═══ Provided data
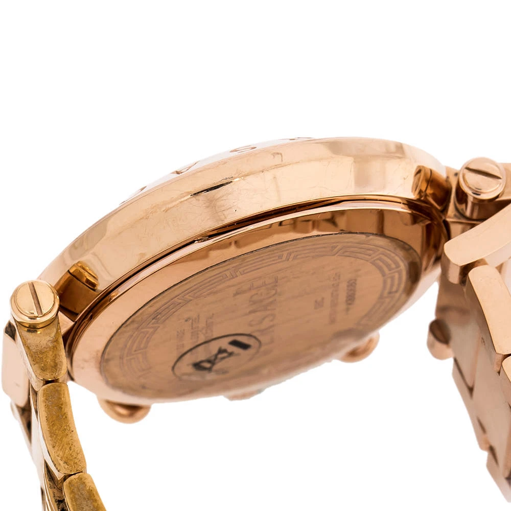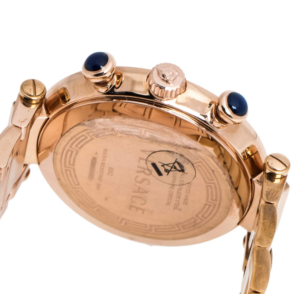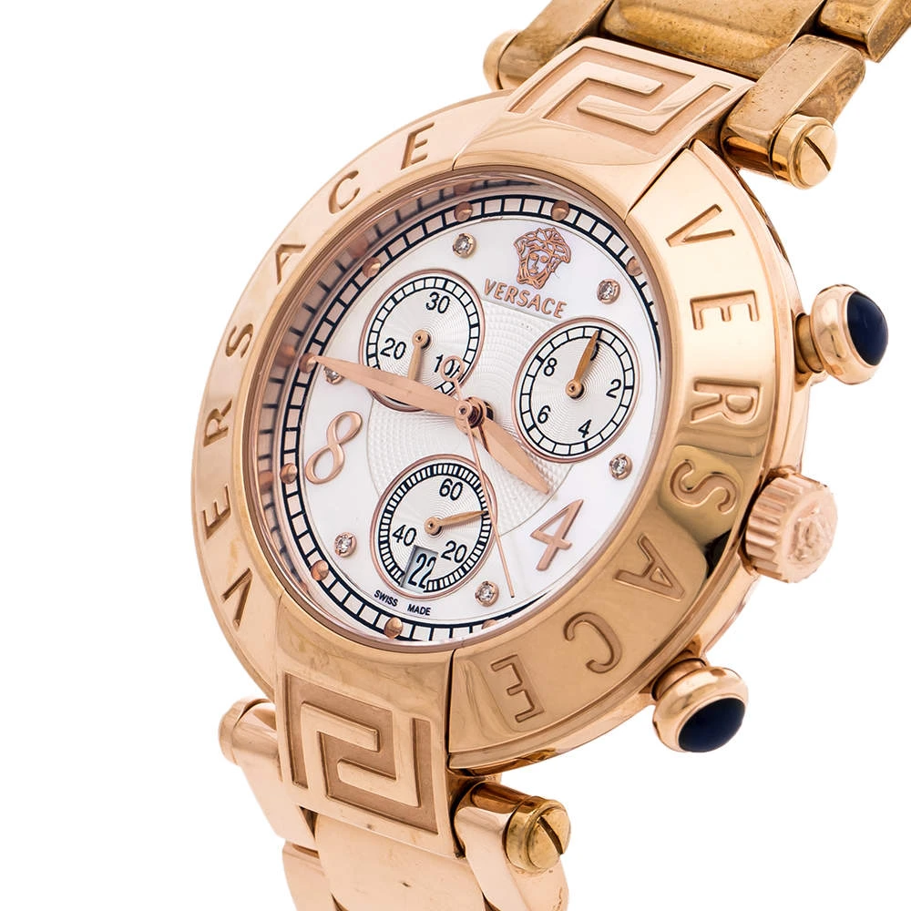 A sleek, sophisticated watch such as this Versace Reve watch deserves a special place in your watch collection. Timeless and versatile, this timepiece can be worn for any occasion. It features a Versace engraved bezel and fitted within is a round dial. The dial features three hands, the Medusa logo at twelve o’clock position, a date window at six o’clock position and three subdials. This stunning piece is finished with a bracelet strap and a clasp closure. Make it a part of your everyday looks.
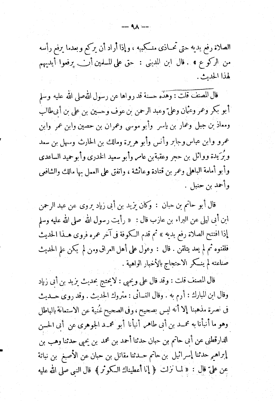 قَالَ ابْنُ الْمَدِينِيّ: حق على الْمُسلمين أَن يرفعوا أَيْديهم لهَذَا الحَدِيث.
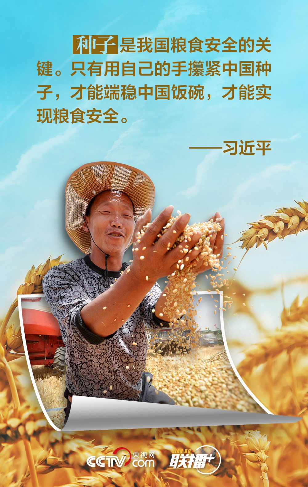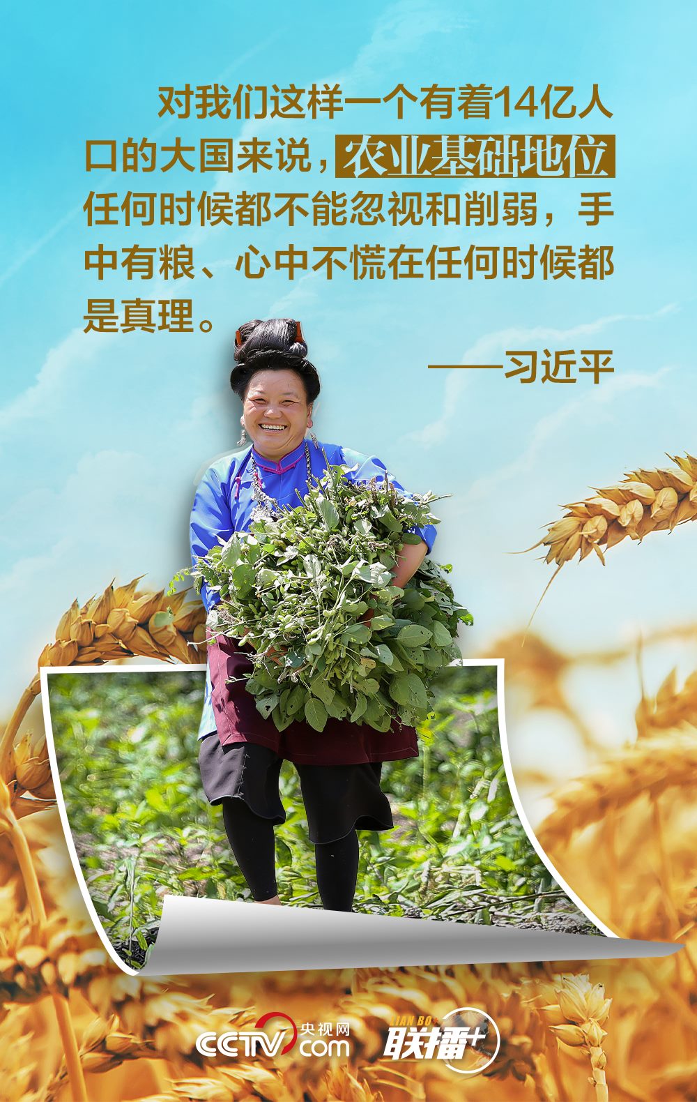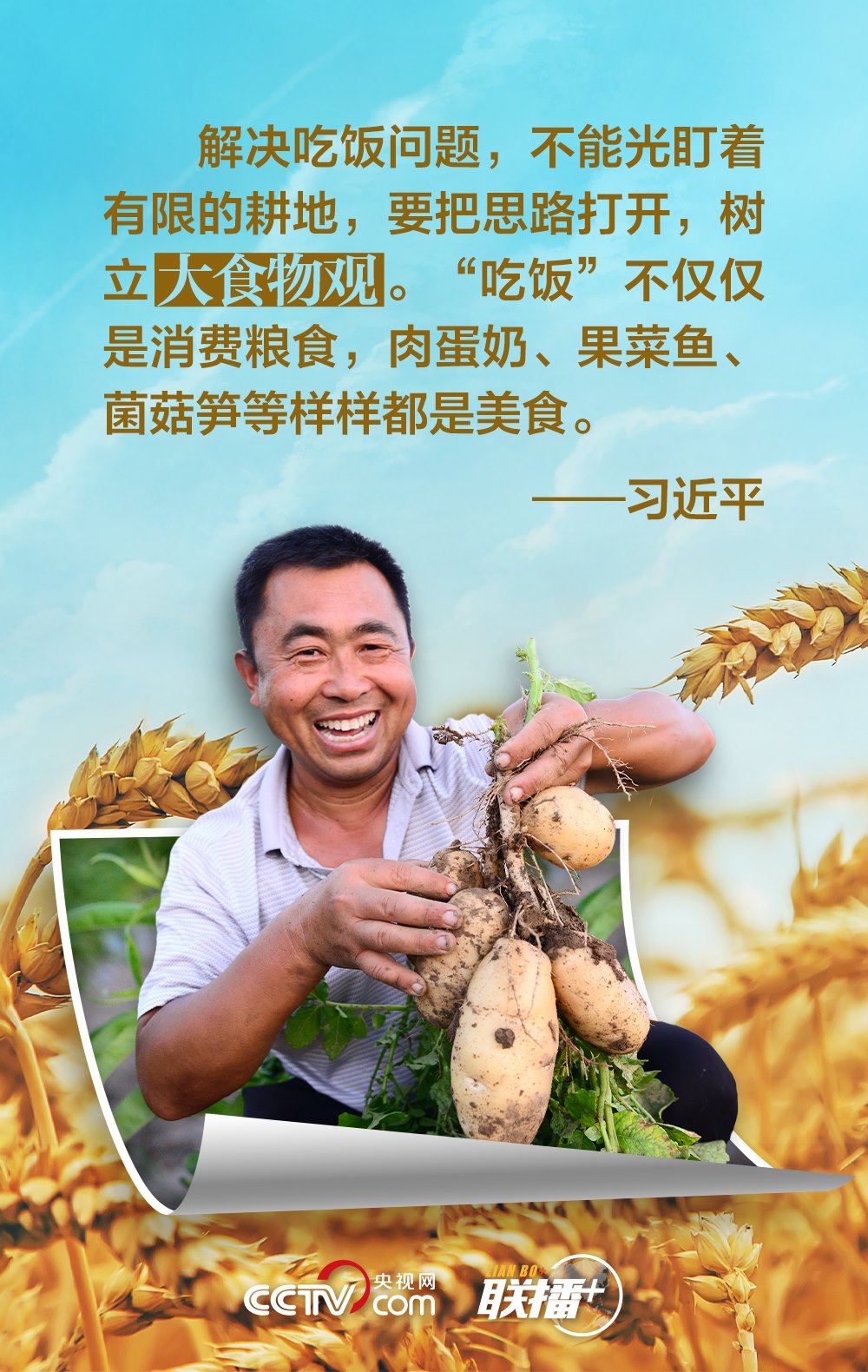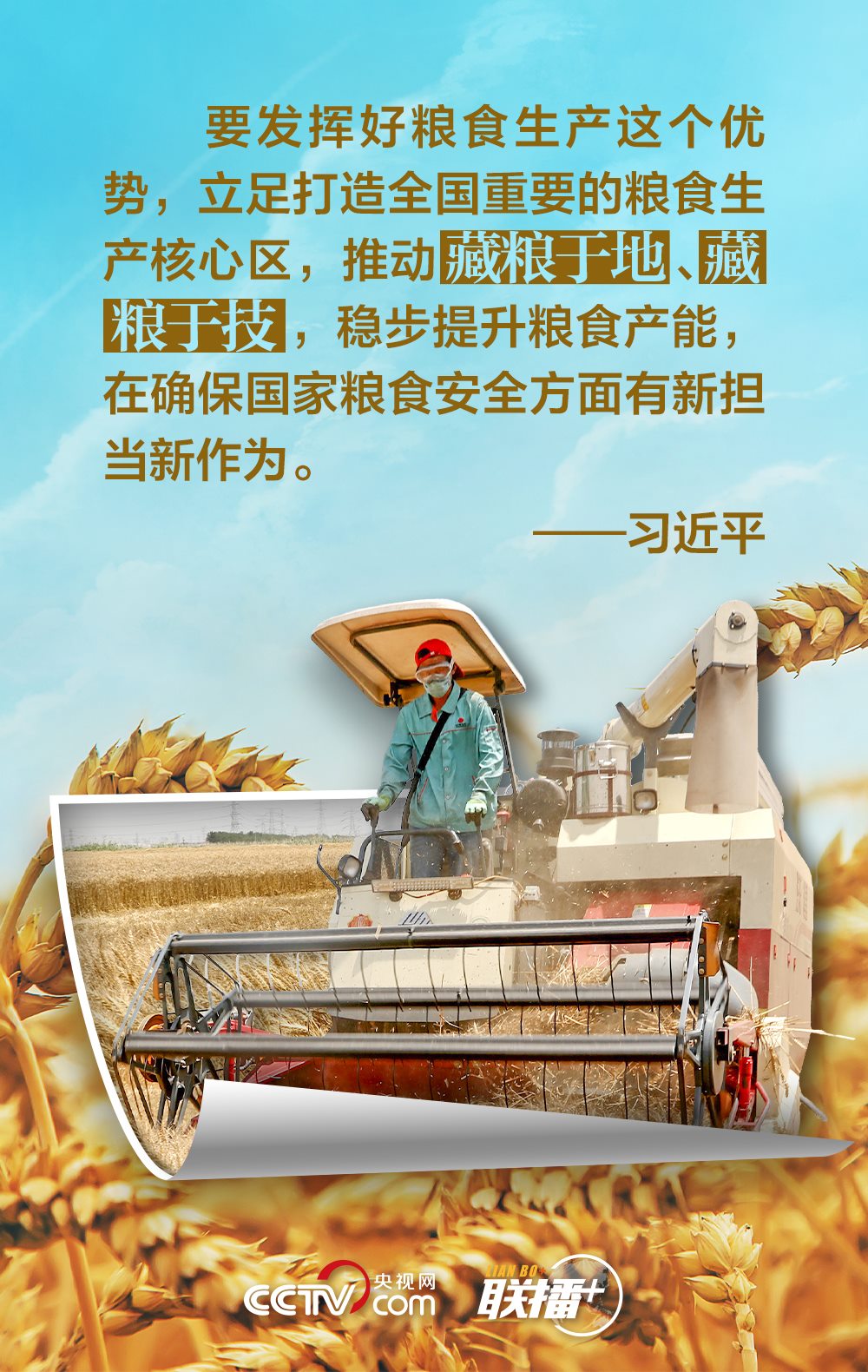 夏糧是全年糧食生產(chǎn)的第一季,約占我國全年糧食產(chǎn)量的五分之一,主要包括夏收的谷物、豆類和薯類等?!笆种杏屑Z,心中不慌?!绷?xí)近平總書記十分重視糧食安全,他強調(diào),中國人的飯碗任何時候都要牢牢端在自己手中,飯碗主要裝中國糧。值此夏收時節(jié),央視網(wǎng)《聯(lián)播+》與您一起學(xué)習(xí)領(lǐng)悟總書記的糧食觀。
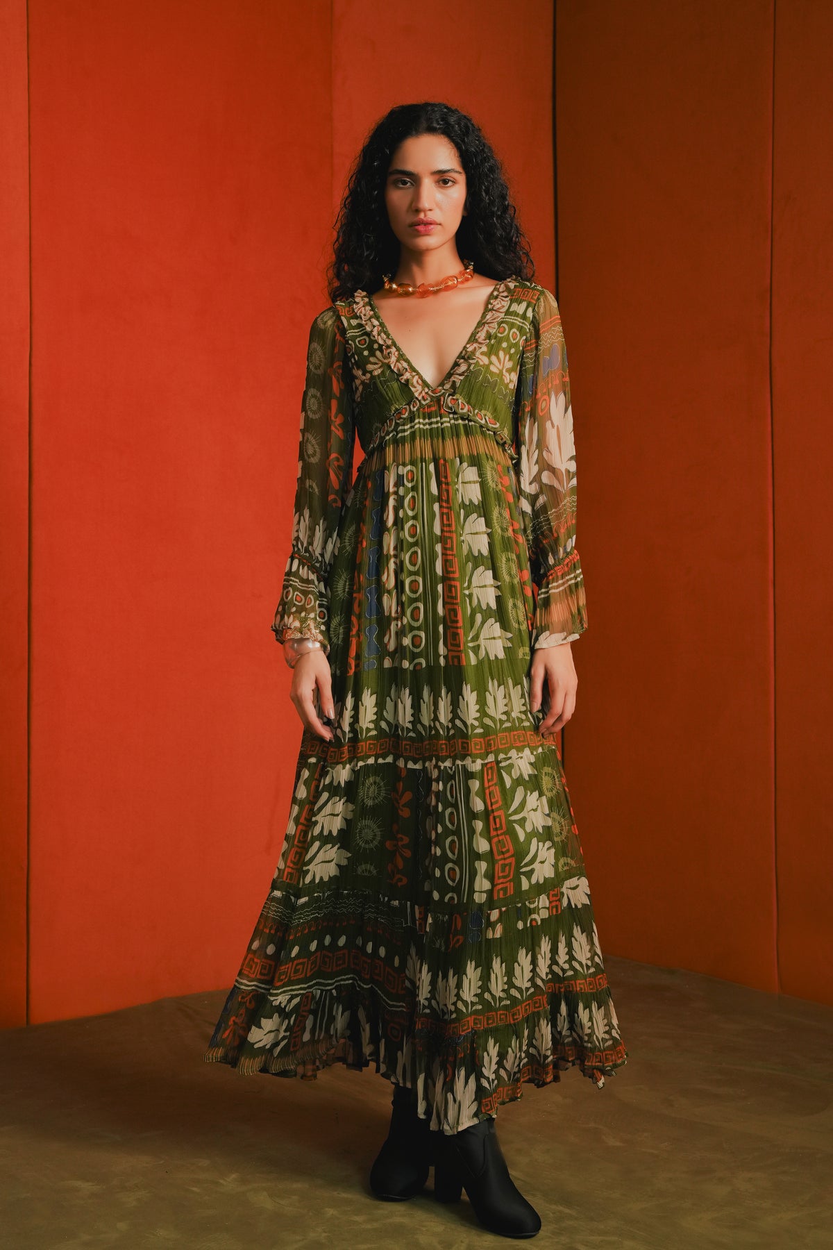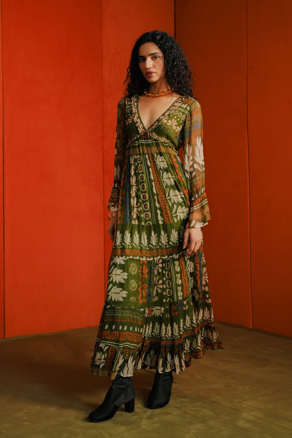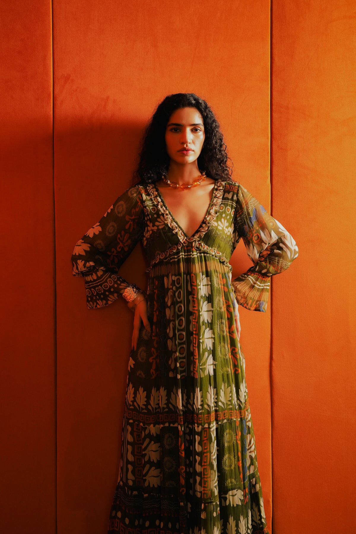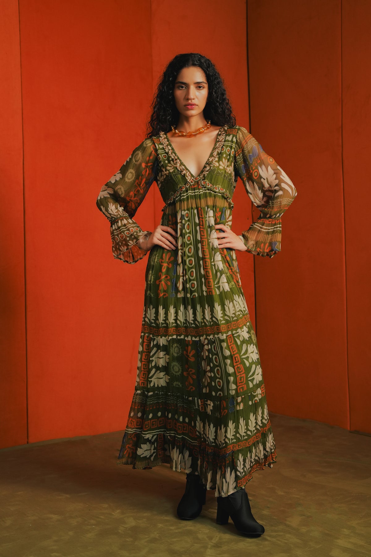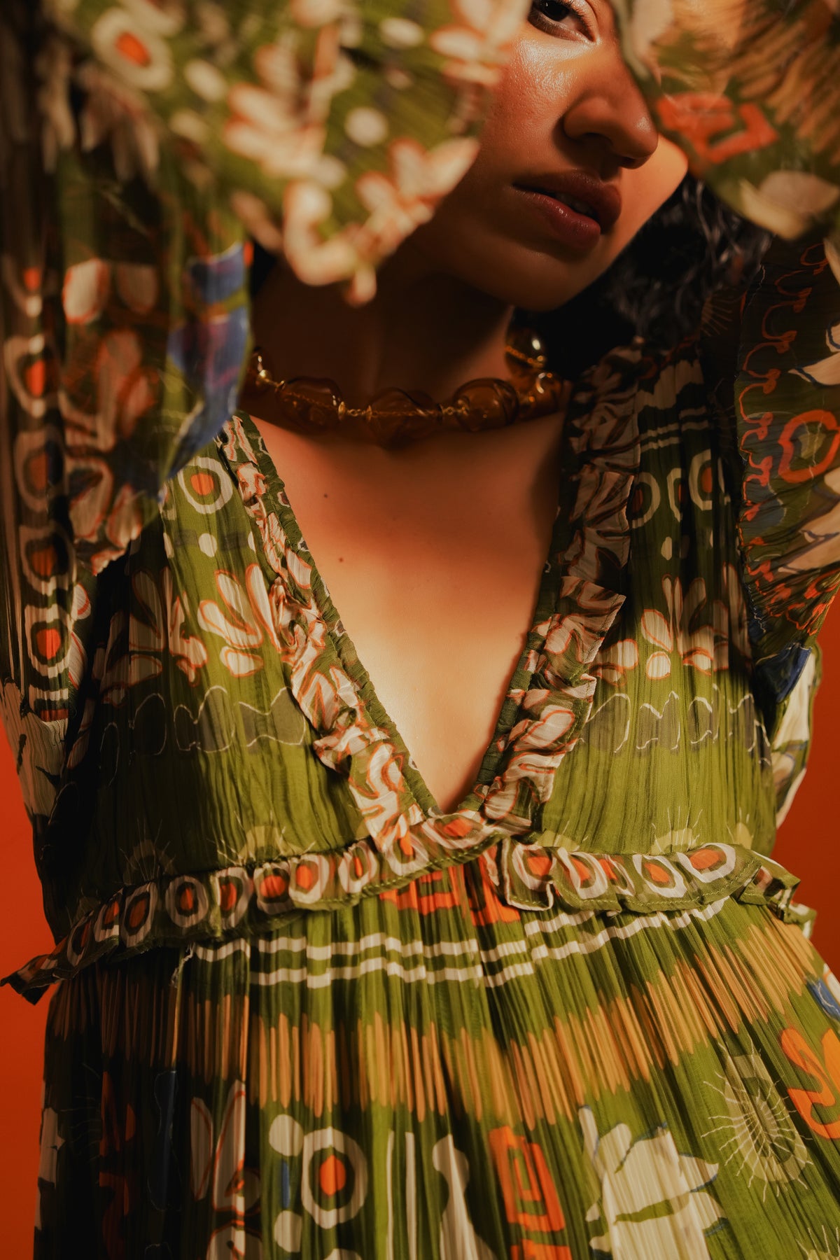 Autumnal hues meet bold patterns and a whole lot of feminine flair — that’s the Tamarin Maxi for you. Cut from airy chiffon, it moves with you effortlessly — elegant on its own, or styled with winter layers and boots for that cool-girl edge. A silhouette made for every mood, every moment.
══════
Retype word for word all the material given above, and keep the pictures out.

** Output for this task **
 A sleek, sophisticated watch such as this Versace Reve watch deserves a special place in your watch collection. Timeless and versatile, this timepiece can be worn for any occasion. It features a Versace engraved bezel and fitted within is a round dial. The dial features three hands, the Medusa logo at twelve o’clock position, a date window at six o’clock position and three subdials. This stunning piece is finished with a bracelet strap and a clasp closure. Make it a part of your everyday looks.
 قَالَ ابْنُ الْمَدِينِيّ: حق على الْمُسلمين أَن يرفعوا أَيْديهم لهَذَا الحَدِيث.
 夏糧是全年糧食生產(chǎn)的第一季,約占我國全年糧食產(chǎn)量的五分之一,主要包括夏收的谷物、豆類和薯類等?!笆种杏屑Z,心中不慌?!绷?xí)近平總書記十分重視糧食安全,他強調(diào),中國人的飯碗任何時候都要牢牢端在自己手中,飯碗主要裝中國糧。值此夏收時節(jié),央視網(wǎng)《聯(lián)播+》與您一起學(xué)習(xí)領(lǐng)悟總書記的糧食觀。
 Autumnal hues meet bold patterns and a whole lot of feminine flair — that’s the Tamarin Maxi for you. Cut from airy chiffon, it moves with you effortlessly — elegant on its own, or styled with winter layers and boots for that cool-girl edge. A silhouette made for every mood, every moment.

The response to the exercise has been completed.